>>>>
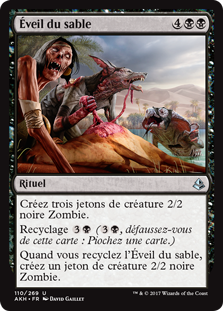 | Rules | Create three 2/2 black Zombie creature tokens. Cycling (, Discard this card: Draw a card.) When you cycle Stir the Sands, create a 2/2 black Zombie creature token. |
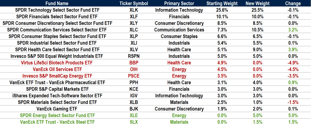 We’re making the following changes to the model portfolio, reflecting our sector ratings update and some recent shifts in market leadership. The changes will be effective at the closing print on October 3. The table below details the adjustments and the new positioning.
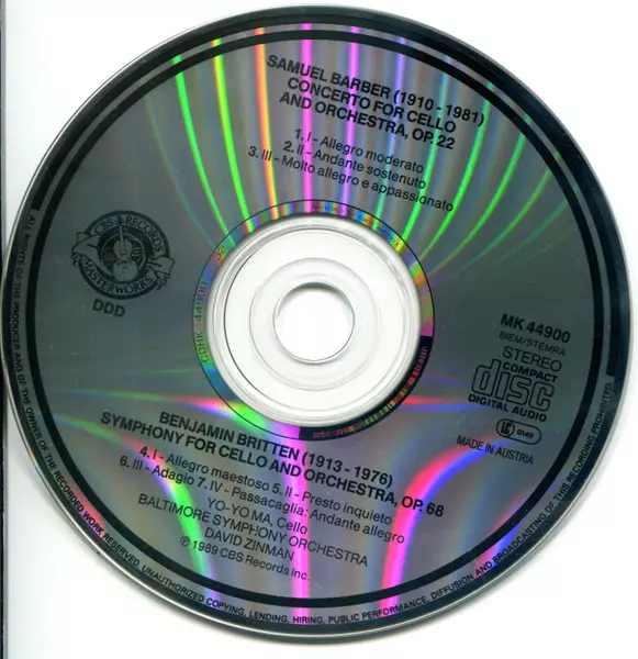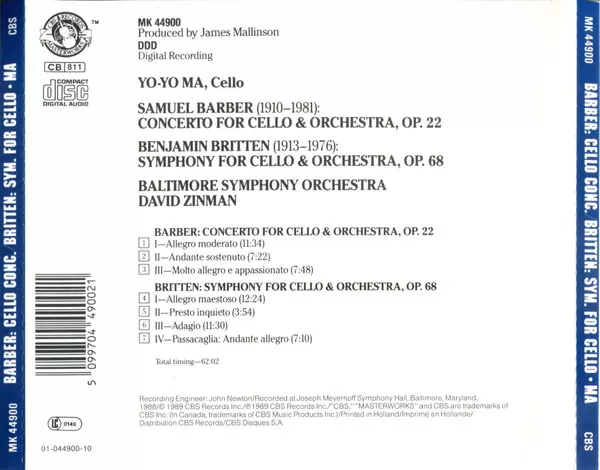 | Interpret | Yo-Yo Ma | Benjamin Britten | Samuel Barber | David Zinman | Baltimore Symphony Orchestra |
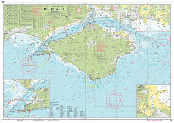 This chart has been reschemed to better compliment the other folded charts in our Solent chart range (C15, Y33). Coverage has been adjusted to show the full circumnavigation of the Isle of Wight including the south coast passage. Inset plans of the Needles Channel and Bembridge Harbour and approaches are included.
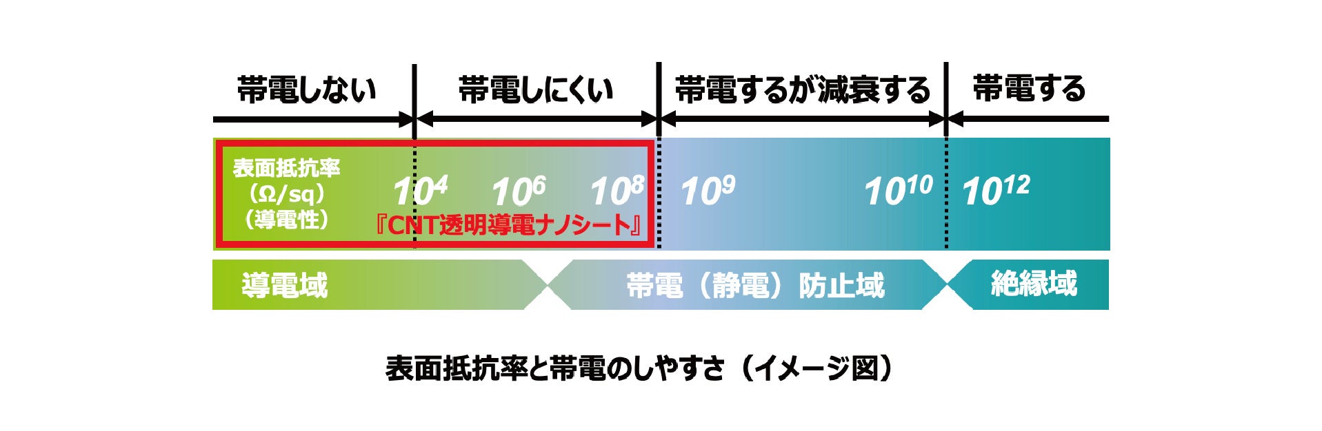 『CNT透明導電ナノシート』の構造は、基材とCNT導電フィルム(CNT膜)(厚み1μm以下)の間に、水溶性膜を挟むことで形成されており、これを水に浸漬することで基材からCNT導電フィルムが剥離します。そして機能を付与したい対象物に剥離したCNT導電フィルムを転写することで導電性を付与することができます。また、表面抵抗率はCNT導電フィルムの膜厚を変えることで10²~10⁸Ω/sq(※3)までの調整が可能です。
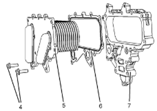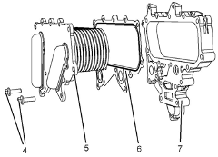 1確保冷卻器基體(5)清潔、無(wú)堵塞或損壞。確保隔板(7)清潔且無(wú)損壞。更換任何損壞的部件。
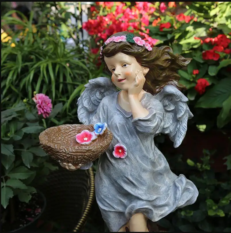 Product Name: Vaso De Flores De Jardim Ao Ar Livre Enfeites De Resina Anjo Menina Figurinhas Artesanato Vila Americana Arte Escultura Estátua Decoração Pátio
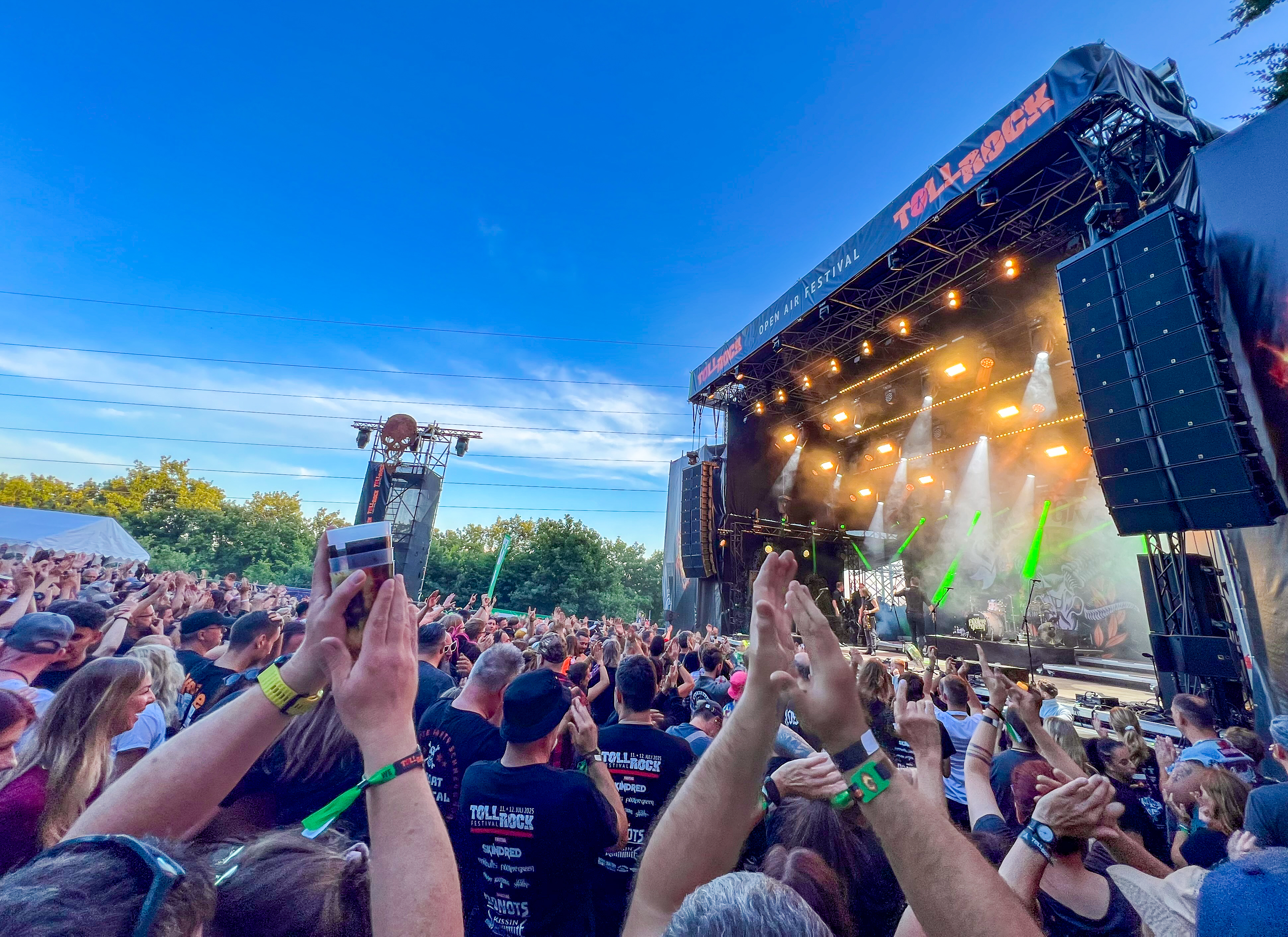 Am 11.7. machte ich mich auf den Weg nach Nideggen-Schmidt zum TOLLROCK-Festival, welches 2025 zum 21. Mal seine Pforten öffnete. Weite Anreise? Fehlanzeige! Als Eifler konnte ich schon nach 30 Minuten Fahrt mein Festivalbändchen entgegennehmen und auf dem von 2000 Campern behausten Zeltplatz, angenehmen Grillgeruch inhalieren. Das Wurfzelt auf den Acker geschmissen und ab ins bierseelige Getümmel!
<<<<
Required work —
Transcribe exactly, and only, the lines from the line with "Product Name: Vaso" through the last line of the records, inclusive; the pictures do not belong in the copy.

Output below —
 Product Name: Vaso De Flores De Jardim Ao Ar Livre Enfeites De Resina Anjo Menina Figurinhas Artesanato Vila Americana Arte Escultura Estátua Decoração Pátio
 Am 11.7. machte ich mich auf den Weg nach Nideggen-Schmidt zum TOLLROCK-Festival, welches 2025 zum 21. Mal seine Pforten öffnete. Weite Anreise? Fehlanzeige! Als Eifler konnte ich schon nach 30 Minuten Fahrt mein Festivalbändchen entgegennehmen und auf dem von 2000 Campern behausten Zeltplatz, angenehmen Grillgeruch inhalieren. Das Wurfzelt auf den Acker geschmissen und ab ins bierseelige Getümmel!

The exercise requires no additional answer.